This entry was posted on terça-feira, junho 8 at terça-feira, junho 08, 2010 and is filed under . You can follow any responses to this entry through the comments feed .

3 Devaneios

Gostei. Gostei mesmo!
Eu, ao contrário de ti, aprendi tudo isso (excepto o Salvé Rainha, que nunca entrou cá dentro da memória nem sei bem orquê; talvez embirração pura e dura!) e muito mais.
Se tal me tornou numa pessoa melhor? Não faço a mínima ideia, mas não me parece que orações repetidas até à exaustão tenham mais validade que um coração bom.
O Pai, o Filho e o Espírito Santo, ou Santíssima Trindade, são as três facetas de uma mesma entidade. Já escrevi sobre isto algures num blog que visito, por isso não vou repetir-me, até porque já é proverbial a minha mania que sei tudo e não está a apetecer-me criar mais anti-corpos em quem quer que seja. Mas, se tiveres curiosidade, podes ver em http://donodaloja.blogspot.com/search/label/no%20espirito%20da%20coisa%20e%20tal...se%20algu%C3%A9m%20explicar%20a%20cena%20do%20Pai%20ensinou%20a%20gerencia%20agradece
SK

Nota: já agora, deixa-me dizer-te que «Agora e na hora da nossa morte» é do «Avé Maria» e não do «Pai Nosso».

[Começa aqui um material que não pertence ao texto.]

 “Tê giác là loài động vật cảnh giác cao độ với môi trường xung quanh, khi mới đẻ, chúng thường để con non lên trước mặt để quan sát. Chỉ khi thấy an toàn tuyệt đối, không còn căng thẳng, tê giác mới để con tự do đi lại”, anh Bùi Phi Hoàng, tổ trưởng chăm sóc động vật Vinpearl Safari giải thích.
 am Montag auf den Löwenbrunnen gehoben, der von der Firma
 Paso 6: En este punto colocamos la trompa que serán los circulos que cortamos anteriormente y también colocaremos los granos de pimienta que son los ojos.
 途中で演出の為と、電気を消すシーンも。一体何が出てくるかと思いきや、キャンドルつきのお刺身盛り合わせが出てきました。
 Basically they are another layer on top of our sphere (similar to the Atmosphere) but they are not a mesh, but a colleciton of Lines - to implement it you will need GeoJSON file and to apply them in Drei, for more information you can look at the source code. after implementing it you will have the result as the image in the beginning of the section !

9 de junho de 2010 às 01:26

Eu sempre tive alguma dificuldade em memorizar essas ladaínhas, talvez por isso mesmo a minha preferida seja mesmo o "anjo da guarda", confesso que lá em casa nunca fomos relegiosos a ponto de sermos obrigados a ser isso tudo... tenho as minhas crenças, em hora de despero recorro sempre a "algum ser superior" mas não sou praticante... bjs

9 de junho de 2010 às 17:36

Agora, não... Mas na hora da morte... Muita gente, sim...

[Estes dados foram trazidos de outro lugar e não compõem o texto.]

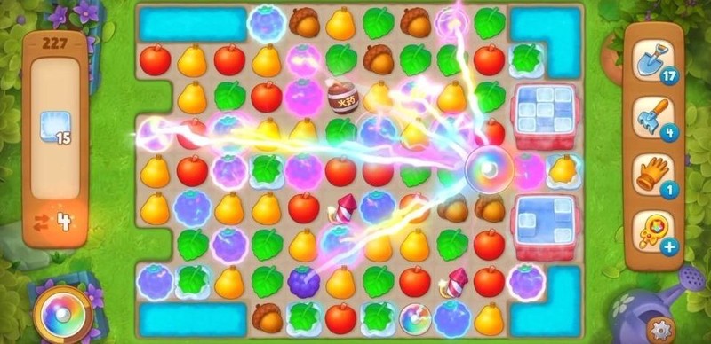 在消除过程中,应优先将可合成的元素制成道具,为后续双彩合并创造条件。本关障碍与冰块布局复杂,若不善用各类道具协同作用,极难顺利通关。尤其是左侧蘑菇的位置设计特殊,需耗费较多步数,对策略要求较高。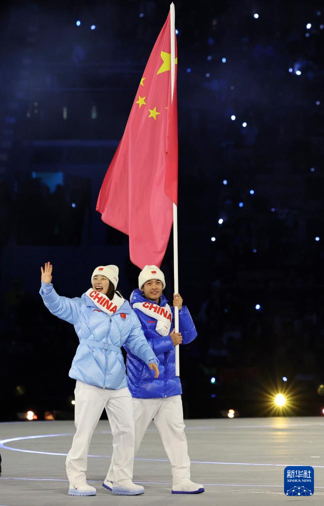 2月6日,中国体育代表团旗手宁忠岩(下右)、张楚桐(下左)在开幕式上入场。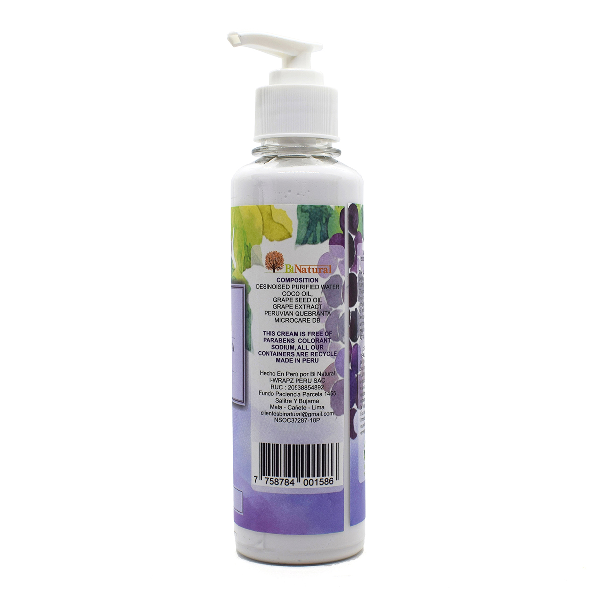 The Quebrada grape is a grape variety native to Peru. This fruit is 100% rich in natural resveratrol. Besides, this cream contains grapeseed essential oil that has properties such as polyphenols, vitamin E, and omega 6. These properties protect the elastin and collagen of the skin, hydrate and nourish the skin immediately, providing elasticity and softness which helps prevent aging. INGREDIENTS Deionized water, coconut oil, grapeseed oil, Quebranta grape extract, and microcare db RECOMMENDATION AND SUGGESTED USAGE: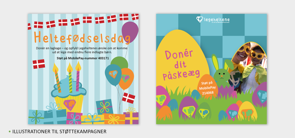 Udarbejdelse af grafisk materiale til initiativet Legeheltene, som aktiverer indlagte børn på de danske hospitaler.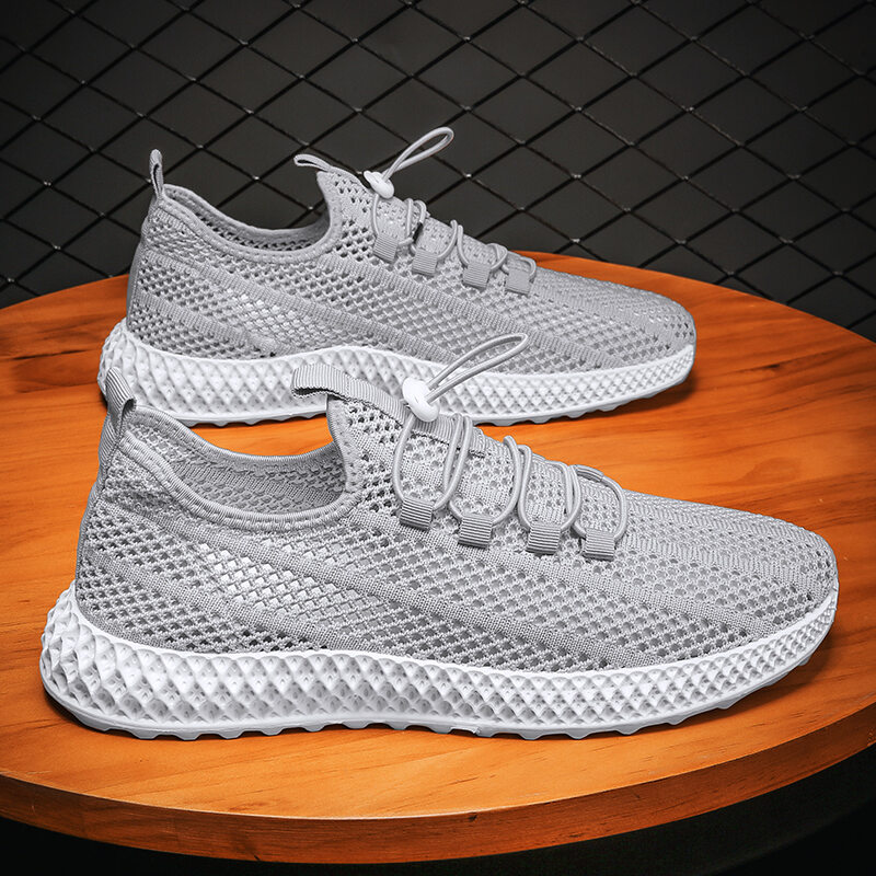 Mesh Surface Shoes Men's Summer Breathable Thin Mesh Surface Hollowed Large Mesh Men's Shoes Casual Running Black Flyknit Sneaker

Aprendi algumas e por vezes, gosto do murmúrio cadenciado, quase hipnótico de algumas orações.
E quando se ouve o rezar do terço, lembro-me sempre de velas e igrejas escuras e frias e velhotas vestidas de negro com o terço na mão, a correr as contas. E da minha avó, a rezar cristãmente todos os dias enquanto teve saúde, e depois de deixar de ter, a minha tia ligava o rádio na RR e rezava para ela.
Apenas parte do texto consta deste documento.